Bernard Cazeneuve, French interior minister, said the EU’s external borders must be “strengthened” without changing European law, which guarantees free movement within the economic bloc.

… [But] Spain’s interior minister, Jorge Fernández Díaz, raised the possibility of changing Schengen’s rules to allow some border checks “aimed at those people about whom there is a clear risk or a real suspicion that they could be terrorists”, in an interview with El País newspaper this weekend.

Europe is coming to the realization that not only does it have major security risks, but that they are compounded by parts of the European project that seemed integral.
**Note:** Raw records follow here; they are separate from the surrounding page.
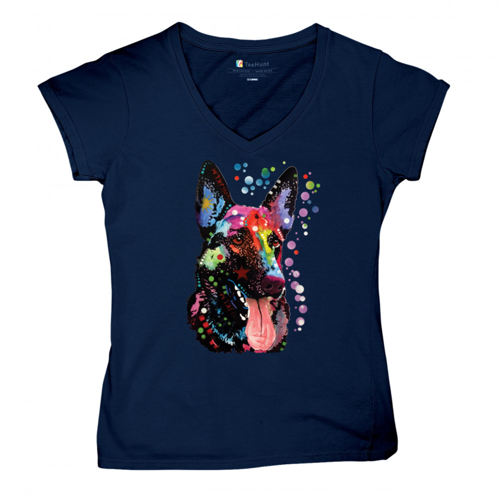 DEAN RUSSO GERMAN SHEPHERD women's v-neck t-shirt colorful dog best friend tee navy blue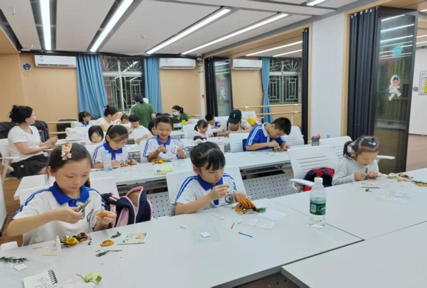 现场氛围温馨热烈,大人与小朋友默契配合,指尖翻飞间,原本普通的彩色扭扭棒逐渐变成形态各异的荷花与荷叶。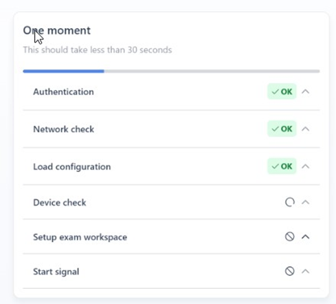 Studenten die op een Windows laptop werken, worden automatisch uitgelogd uit Windows. Wanneer de student weer inlogt in Windows opent de beveiligde Schoolyear omgeving. Bij het inloggen blijft het scherm soms een paar seconden zwart, alvorens onderstaande check pagina wordt getoond.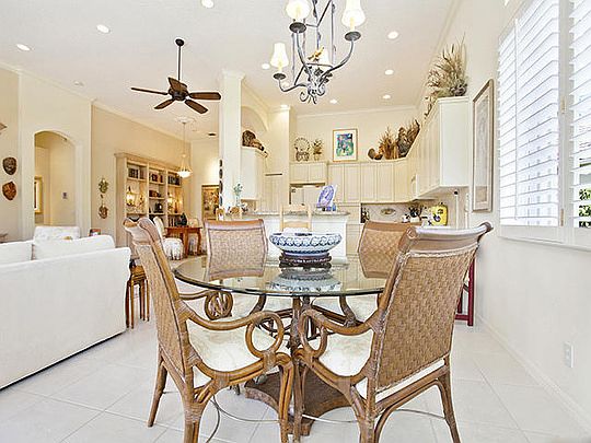 This unique, stunning home at 10788 Grande Boulevard in The Grande at Ibis Golf & Country Club sits on a pie-shaped lot with ample space between neighboring homes. When you enter the home, your eyes are drawn to the view beyond the great room to the beautiful, screened pool with the mermaid statue and the enticing water view behind it. The extended patio surrounding the pool is comfortable for sunning and dining. Outside the screened area is a garden designed with bougainvillaea and cactus plants. Back inside the house, the volume ceilings with crown molding throughout are just one of the fine features of this home. As you approach the great room, there is a game table area with stunning built-in bookcases. Opposite this area is a decorative mural in a recessed nook. Beyond this is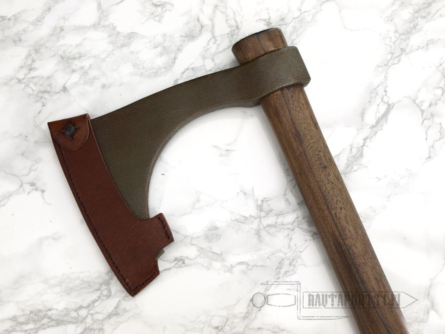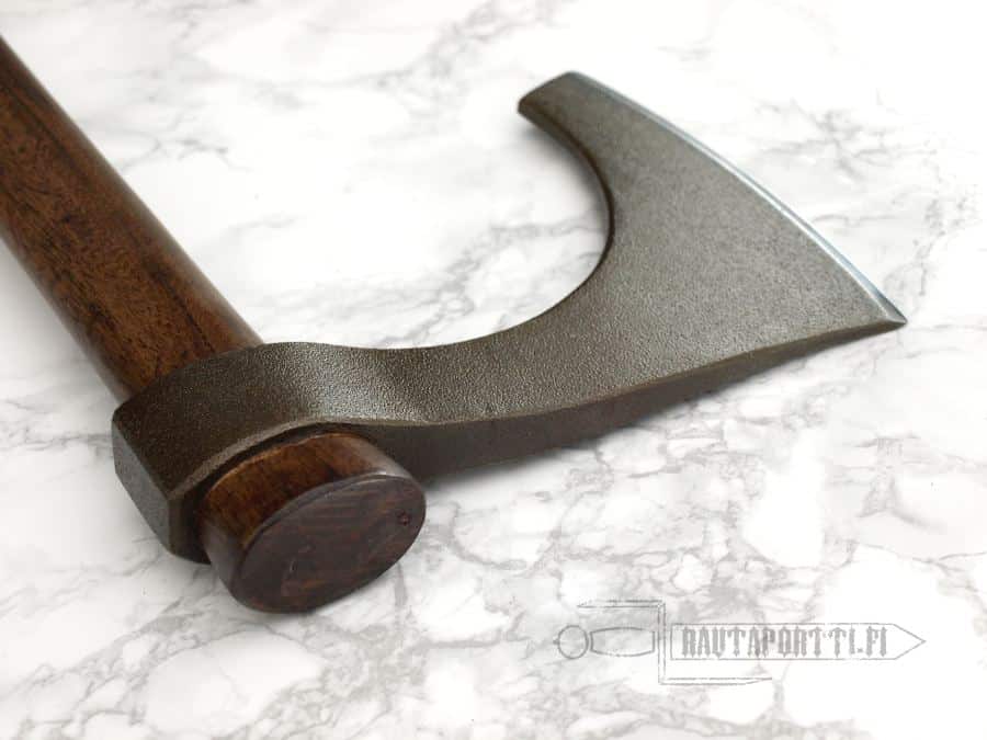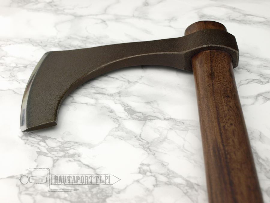 Tässä keskiraskaassa kirveessä on hiiliteräksestä taottu, karkaistu terävä terä ja kovapuinen varsi. Terä on paksuudeltaan keskikastia ja soveltuu niin taistelukirveeksi kuin puuntyöstöönkin ja pienten polttopuiden halkaisuun. Terän pinta on antikoitu/patinoitu autenttista ulkomuotoa varten. Tämä kirves on tehty käytettäväksi, ja se kädessäsi voit tuntea itsesi menneiden aikojen viikinkiretkeilijäksi jo halkoja tehdessäsi. Kirveen mukana toimitetaan nahkainen teräsuoja.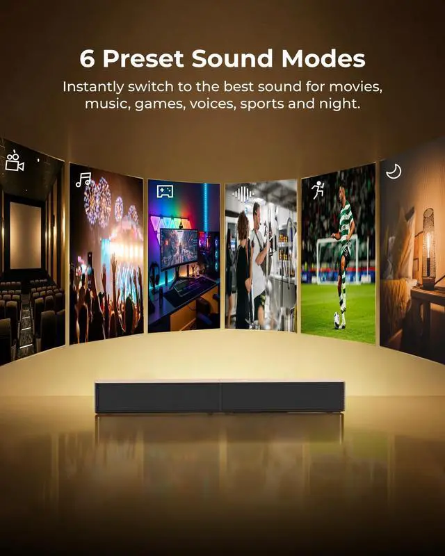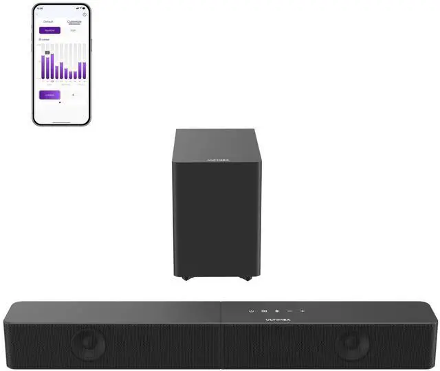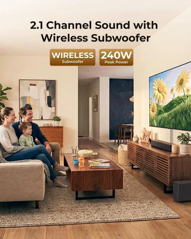 Channel System: Featuring a precision-tuned soundbar and a dedicated wireless subwoofer, the system delivers up to 240W of peak power for room-filling sound. With a frequency response of 45 Hz18 kHz and a maximum SPL of 95 dB, it reproduces clear dialogue, detailed mids, and impactful bass for movies, music, and gaming. ^^ Smart App Control with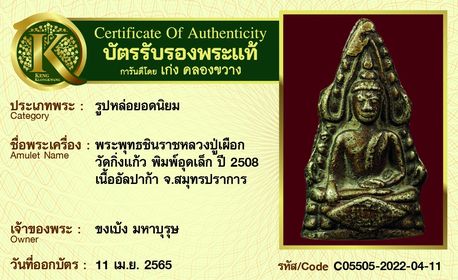 พระพุทธชินราช หลวงปู่เผือก วัดกิ่งแก้ว พิมพ์อุดเล็ก ปี 2508 เนื้ออัลปาก้า จังหวัดสมุทรปราการ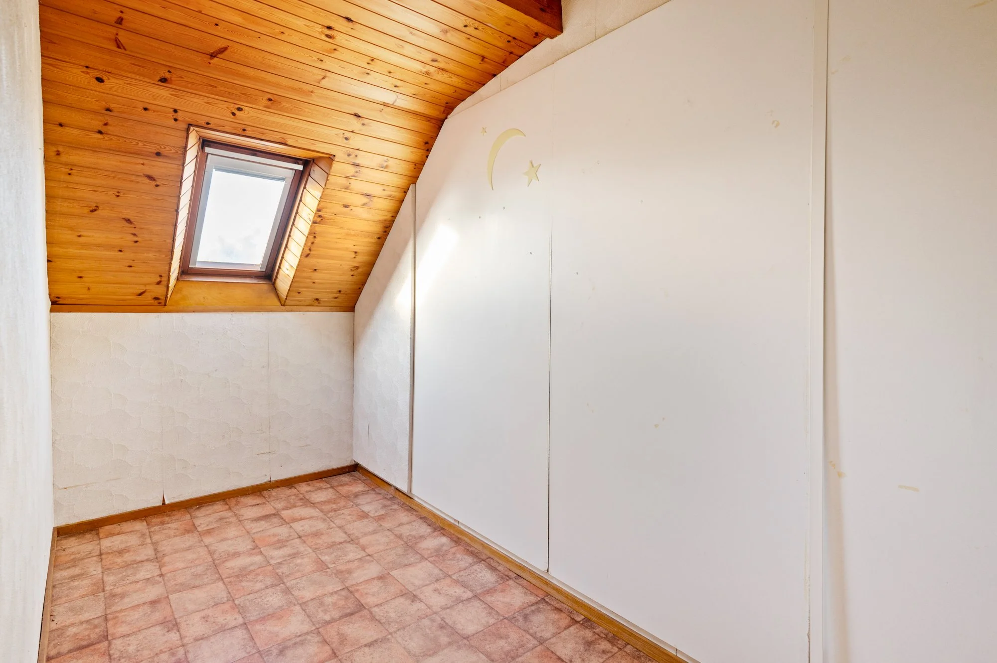 Deze op te frissen woning bevindt zich in een zeer rustige éénrichtingsstraat, op wandelafstand van het centrum van Wijnegem en diverse scholen. De woning biedt een ruime inkomhal die toegang geeft tot een lichtrijke leefruimte van 41 m² met aansluitend een leefkeuken. De badkamer is uitgerust met een ligbad en dubbele wastafel, en er is een afzonderlijk toilet aanwezig. Op de eerste verdieping bevinden zich vier volwaardige slaapkamers, terwijl de niet-ingerichte zolder nog extra mogelijkheden biedt. Verder is er een kelder aanwezig die extra bergruimte voorziet. Achteraan beschikt de woning over een west-gerichte tuin van ongeveer 235 m² die veel privacy garandeert. De woning combineert een zeer rustige ligging met de nabijheid van het centrum en scholen, een ruime woonoppervlakte, vier slaapkamers en een grote zonnige tuin, waardoor ze veel potentieel biedt voor renovatie naar eigen smaak.

As we have pointed out before, the Schengen rules are written as though all of Europe was one homogenous entity, but enforced (or not, as it were) by bureaucracies that still act on behalf of sovereign state units. The result? An intelligence gap.

The EU is institutionally very conservative, and it is still unlikely that such a major change would pass: the inertia against it is still too great, and leaders such as Angela Merkel are already trying to find intelligence solutions, such as sharing flight manifests, that would avoid such a drastic move. (Although its hard to see how anything not hugely invasive would be able to track cross-border car travel.)

It’s hard to think of how Diaz’s position could be implemented without a return to some sort of system to check who’s coming in and who’s going out of a given country, and Merkel’s proposal is basically a softer, less-conspicuous version of the same. That all of this is being discussed is a big deal.